Director adds AH Realty Trust (NYSE: AHH) shares via dividend reinvestment
Rhea-AI Filing Summary
AH Realty Trust, Inc. director Frederick Blair Wimbush reported buying additional common stock through a broker-sponsored dividend reinvestment program. On April 2, 2026, he purchased 669.29 shares at a weighted average price of $5.408 per share, and on April 1, 2026 he bought 395.46 shares at $5.38 per share, both as open-market purchases.
Following these transactions, Wimbush directly owns 42,030.627 shares of common stock. He also holds Time-Based LTIP Units in AH Realty Trust, L.P. representing 12,919 underlying common shares, which are convertible into partnership common units after vesting and, subject to a two-year post-grant restriction except in a Change of Control, ultimately redeemable for cash or common stock with no expiration date.
Positive
- None.
Negative
- None.
Insider Trade Summary
| Type | Security | Shares | Price | Value |
|---|---|---|---|---|
| Purchase | Common Stock | 669.29 | $5.408 | $4K |
| Purchase | Common Stock | 395.46 | $5.38 | $2K |
| holding | Time-Based LTIP Units | -- | -- | -- |
Footnotes (1)
- Shares purchased pursuant to a broker-sponsored dividend reinvestment program.

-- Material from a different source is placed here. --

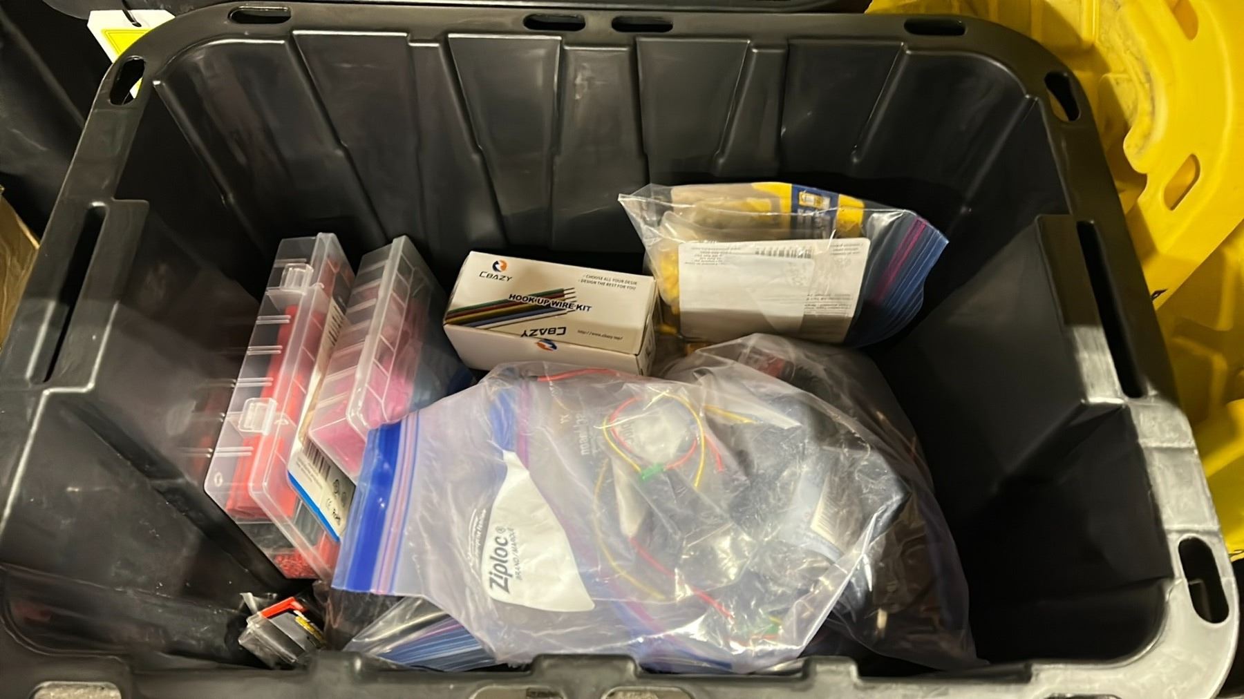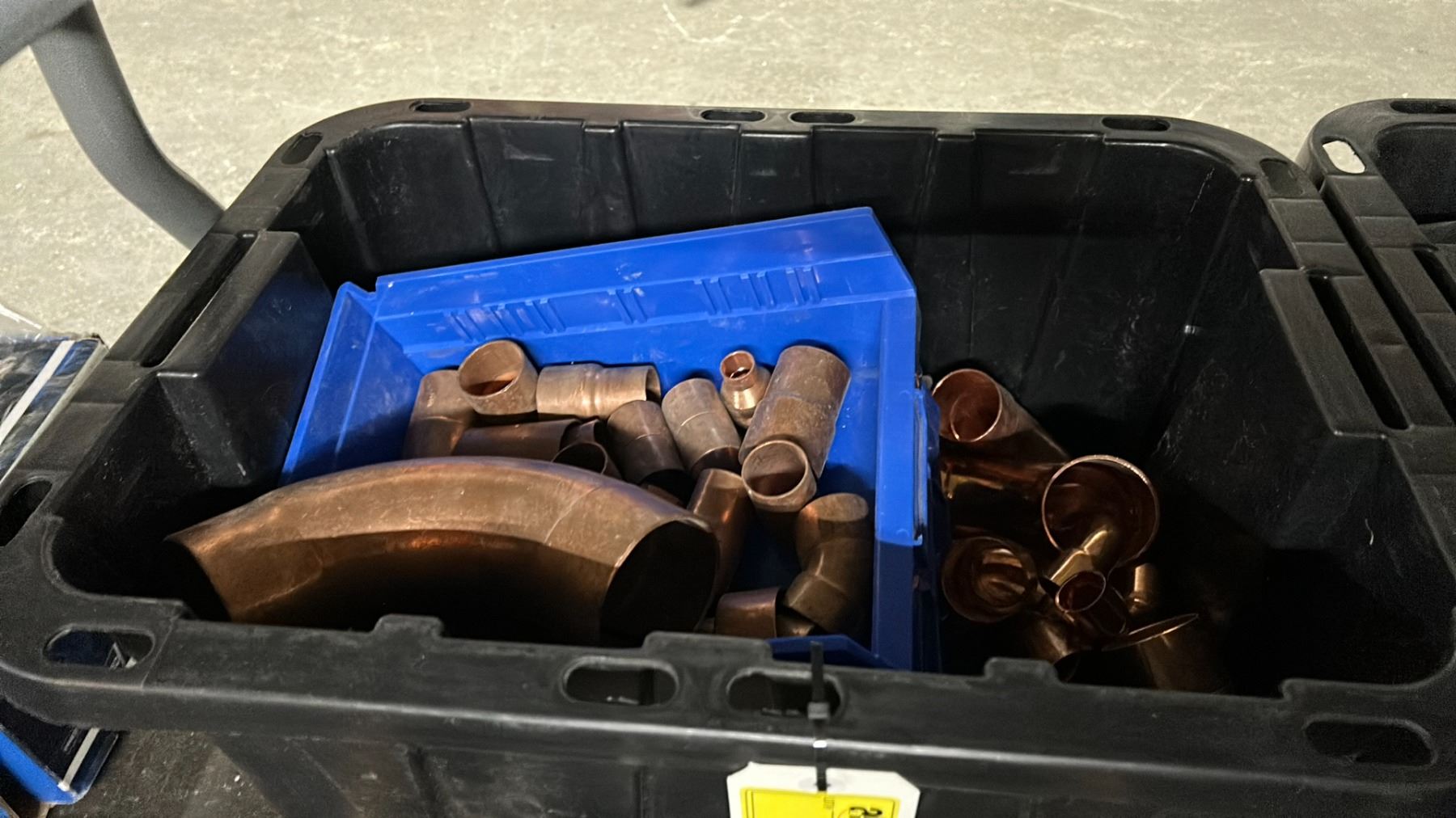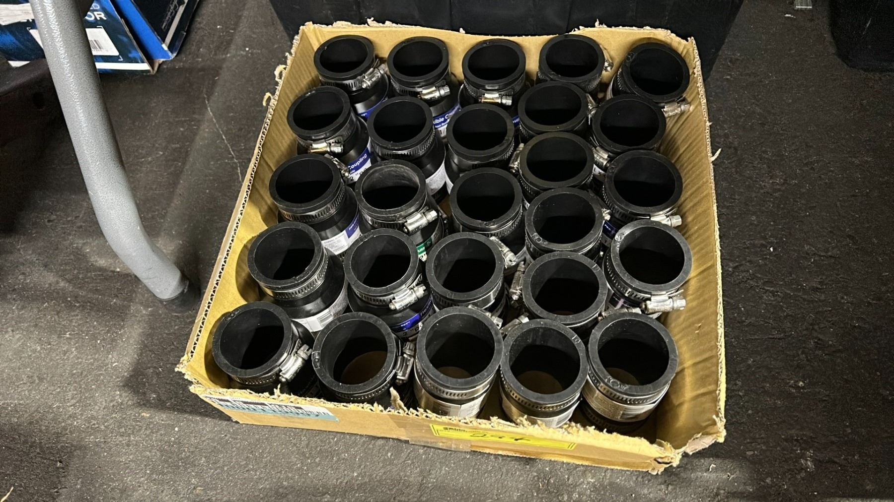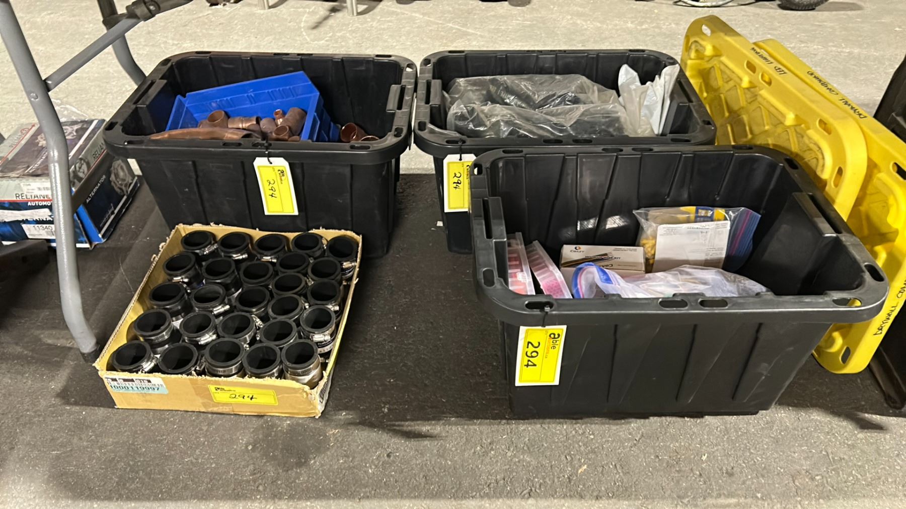 3 PLASTIC BINS OF ASSORTED COMMERCIAL PLUMBING / ELECTRICAL HARDWARE & BOX OF RUBBER PIPE CONNECTORS *PLASTIC BINS INCLUDED*

The price reported in Column 4 is a weighted average price. These shares were purchased in multiple transactions at prices ranging from $5.38 to $5.45, inclusive. The reporting person undertakes to provide to AH Realty Trust, Inc. (the "Company"), any security holder of the Company, or the staff of the Securities and Exchange Commission, upon request, full information regarding the number of shares purchased at each separate price within the range set forth in footnote (2) to this Form 4. Represents Time-Based LTIP Units ("Time-Based LTIP Units") in AH Realty Trust, L.P. (the "Operating Partnership"), the operating partnership of the Company, and of which the Company is the general partner. Under the agreement of limited partnership of the Operating Partnership (the "OP Agreement") and subject to conditions set forth in the OP Agreement, following the date on which the Time-Based LTIP Units vest, Time-Based LTIP Units are convertible into common units of limited partnership interest in the Operating Partnership ("Common Units"), at the holder's option. Under the award agreement pursuant to which the Time-Based LTIP Units were granted to the reporting person, except in connection with a Change of Control (as defined in the OP Agreement), the Time-Based LTIP Units may not be converted to Common Units until two years following the date of grant. Time-Based LTIP Units have no expiration date. Each Common Unit is redeemable for cash equal to the then-current market value of one share of the Company's common stock or, at the election of the Company, one share of the Company's common stock. Common Units have no expiration date.